GIVEN RECORDS section start
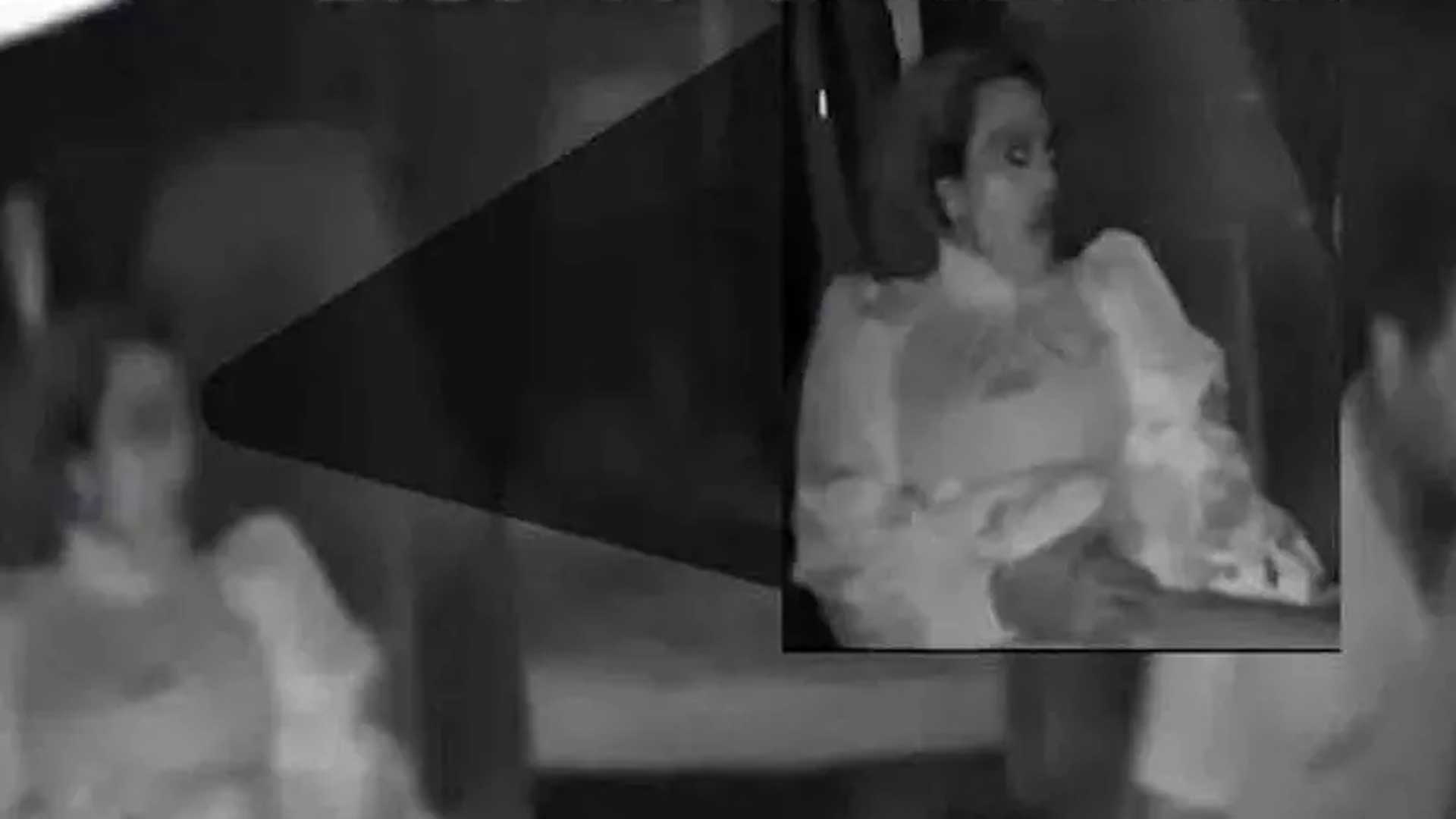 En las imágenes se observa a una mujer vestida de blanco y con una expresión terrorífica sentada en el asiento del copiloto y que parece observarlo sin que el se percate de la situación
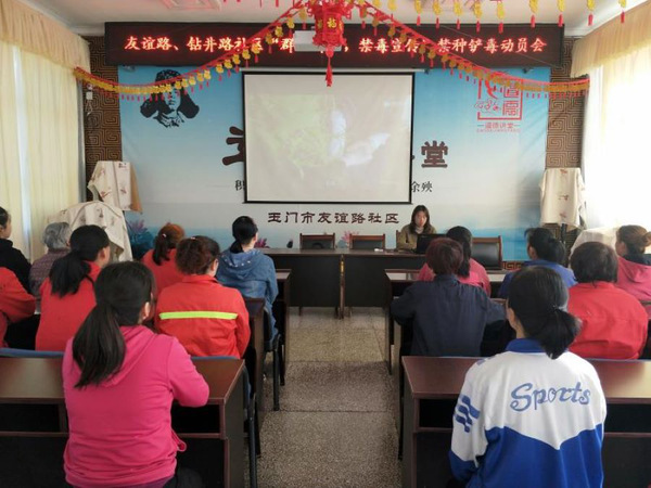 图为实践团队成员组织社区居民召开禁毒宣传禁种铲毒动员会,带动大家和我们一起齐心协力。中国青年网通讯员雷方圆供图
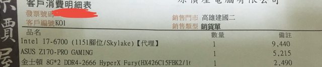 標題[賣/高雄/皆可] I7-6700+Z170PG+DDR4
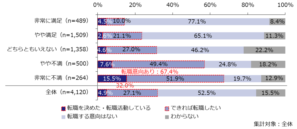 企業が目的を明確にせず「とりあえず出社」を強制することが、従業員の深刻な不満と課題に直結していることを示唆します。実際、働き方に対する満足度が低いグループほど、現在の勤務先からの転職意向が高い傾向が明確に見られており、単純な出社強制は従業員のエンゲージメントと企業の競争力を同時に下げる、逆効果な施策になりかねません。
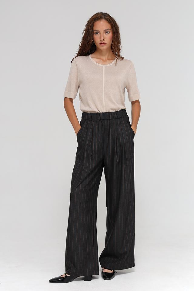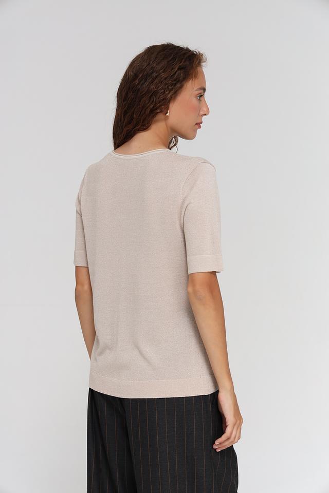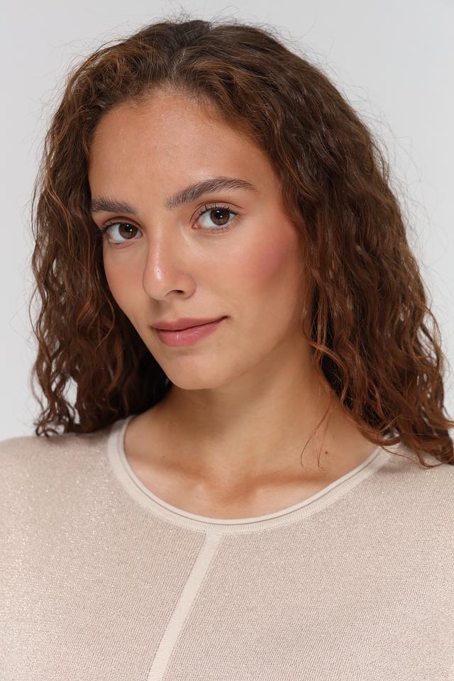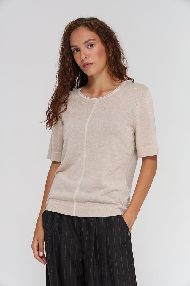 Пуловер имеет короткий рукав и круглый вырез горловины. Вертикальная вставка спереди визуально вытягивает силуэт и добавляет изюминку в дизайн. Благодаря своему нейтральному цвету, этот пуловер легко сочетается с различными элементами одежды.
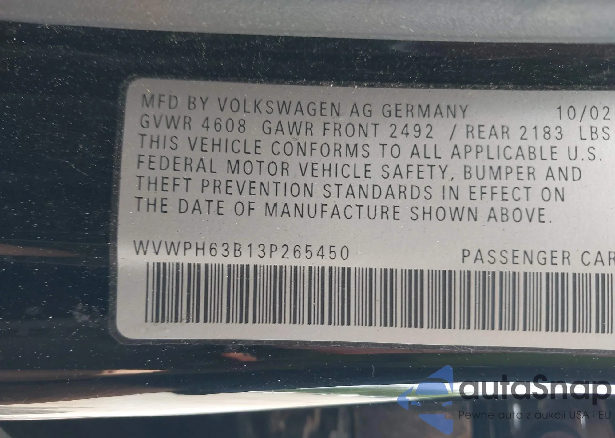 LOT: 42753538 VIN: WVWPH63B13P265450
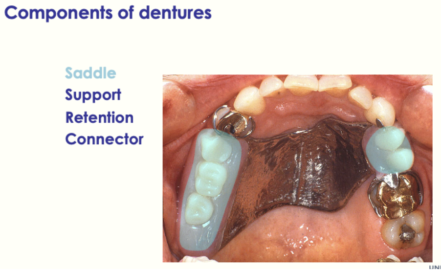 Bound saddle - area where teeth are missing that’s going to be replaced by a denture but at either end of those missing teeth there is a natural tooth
GIVEN RECORDS section end
ASSIGNMENT ▸ Write out an exact reproduction of the lines from the line that holds "LOT: 42753538 VIN: WVWPH63B13P265450" to the bottom of the listing above, both ends included. Exclude pictures.

ANSWER FOR THIS EXERCISE ▸
 LOT: 42753538 VIN: WVWPH63B13P265450
 Bound saddle - area where teeth are missing that’s going to be replaced by a denture but at either end of those missing teeth there is a natural tooth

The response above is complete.